The biggest concern with UiPath remains cost effectiveness. With a non-GAAP adjusted free cash flow loss of $54 million, investors can continue to hold that against the company in the current environment. With fears of a potential recession and continued rising interest rates, investors have turned to more stable and profitable companies.
The company has a current market capitalization of approximately $10 billion and with $1.8 billion in net cash, the enterprise value currently stands at approximately $8.2 billion.
UiPath’s full-year revenue forecast of $1,085-1,090 million implies a FY23 revenue multiple of approximately 7.5x.

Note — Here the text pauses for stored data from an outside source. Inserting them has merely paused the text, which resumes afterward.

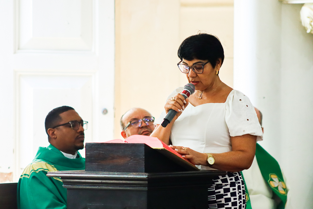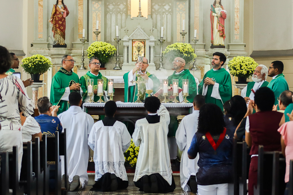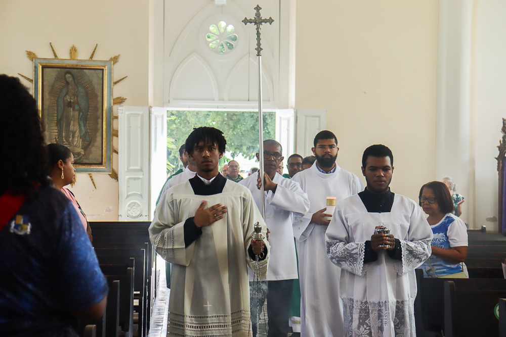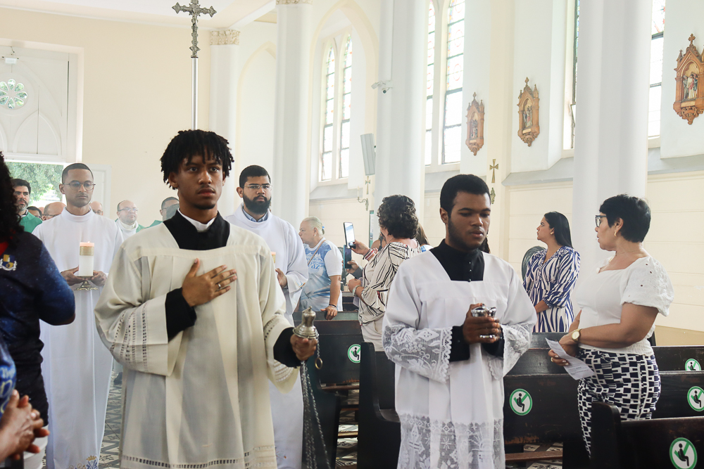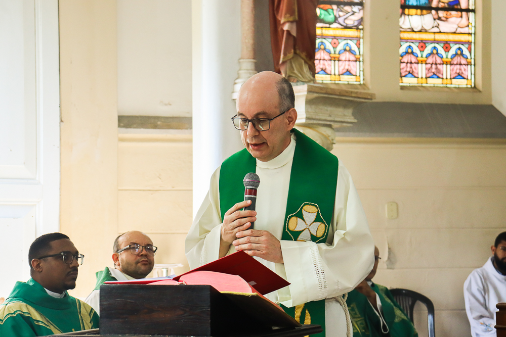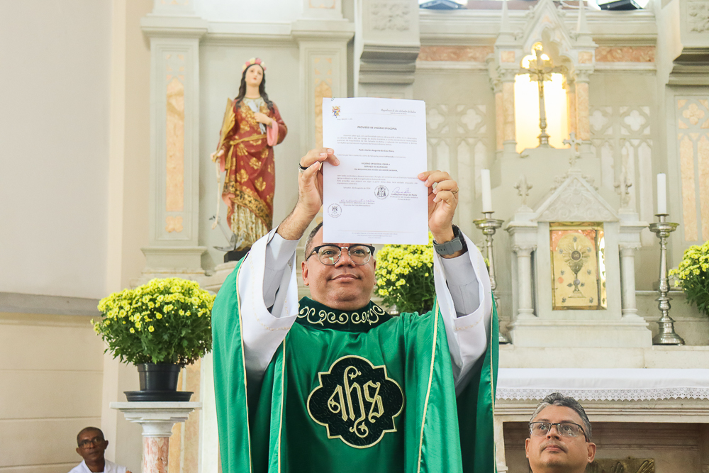 Logo no início da Celebração Eucarística, o vigário do Santuário Nossa Senhora da Conceição Aparecida, padre Jaime Rojas, leu a provisão de vigário episcopal conferida ao padre Carlos Augusto, assinada pelo Cardeal Dom Sergio da Rocha e pelo chanceler da Arquidiocese de Salvador, cônego Antonio Ademilton de Santa Bárbara.
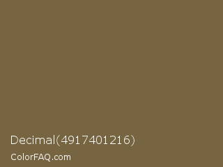 Decimal 4917401216 Color is a normal orange color and the nearest color is Yellow Metal #716338. Hex code #766540 and RGB value is rgb(118,101,64). In RGB color space, this color is composed of 46% red, 40% green, 25% blue, In CMYK color space, this color is composed of 0% cyan, 14% magenta, 46% yellow , 54% black , In HSL color space, this color has a hue angle of 41° , 30% saturation and 36% lightness.
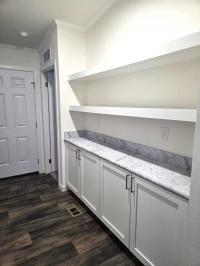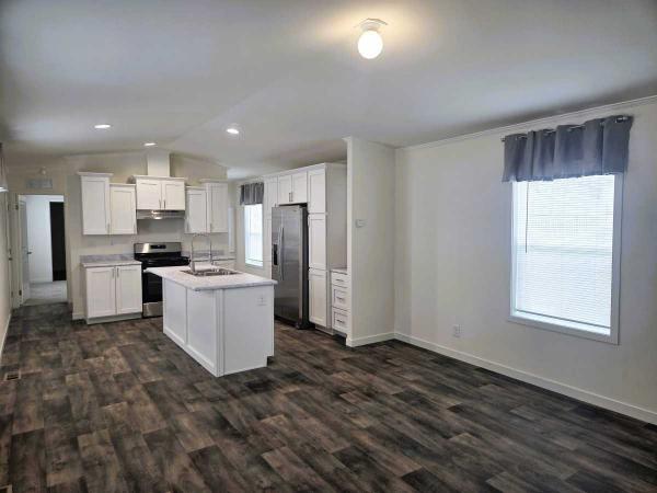 Step inside to find vaulted ceilings and a bright, open floor plan with white cabinetry, a spacious kitchen island, and a full stainless steel appliance package. The hidden laundry area and buffet-style storage nook keep everything tidy and functional.
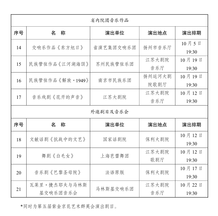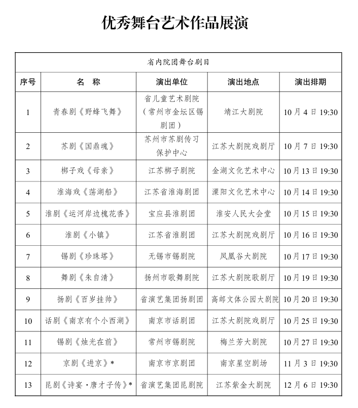 为庆祝中华人民共和国成立75周年,优秀舞台艺术作品展演、优秀艺术作品展览将集中与观众见面。10月,21部荣获国家和省级大奖并入选国家艺术基金等创作扶持计划的文艺精品,以及一批弘扬中华优秀传统文化且在市场上广受好评的传统经典作品,将逐一呈现在观众面前。其中既有我省文艺院团倾力打造的苏剧《国鼎魂》、淮剧《小镇》、舞剧《朱自清》、昆剧《诗宴·唐才子传》等,也有国家话剧院带来的文献话剧《抗战中的文艺》、法语原版音乐剧《巴黎圣母院》等外邀剧目。展览方面,奋进新时代——江苏省庆祝中华人民共和国成立75周年美术书法作品展、大道之行——庆祝中华人民共和国成立75周年江苏省美术作品展、“新中国新发现”江苏书法主题作品展、“国士之风”致敬国家荣誉称号获得者主题雕塑创作展也将一一登场。

With the stock previously trading at forward earnings multiples well over 10x, it doesn’t seem likely that we’ll return to an environment where investors are willing to pay that much for growth stocks.
Yes, revenue growth could remain very strong over the next few years, but profitability is becoming increasingly important as we potentially enter a recession.
Even though we see FY24 revenue hitting $1,500 million, which would be above consensus expectations of $1,390 million (per Yahoo Finance), the implied FY24 revenue multiple of 5, 5x is still an expense for a business whose profitability is barely breaking even.
For now, I remain cautious about the name heading into their Q2 earnings report, as we may see management become more cautious about its outlook given the challenging macro landscape.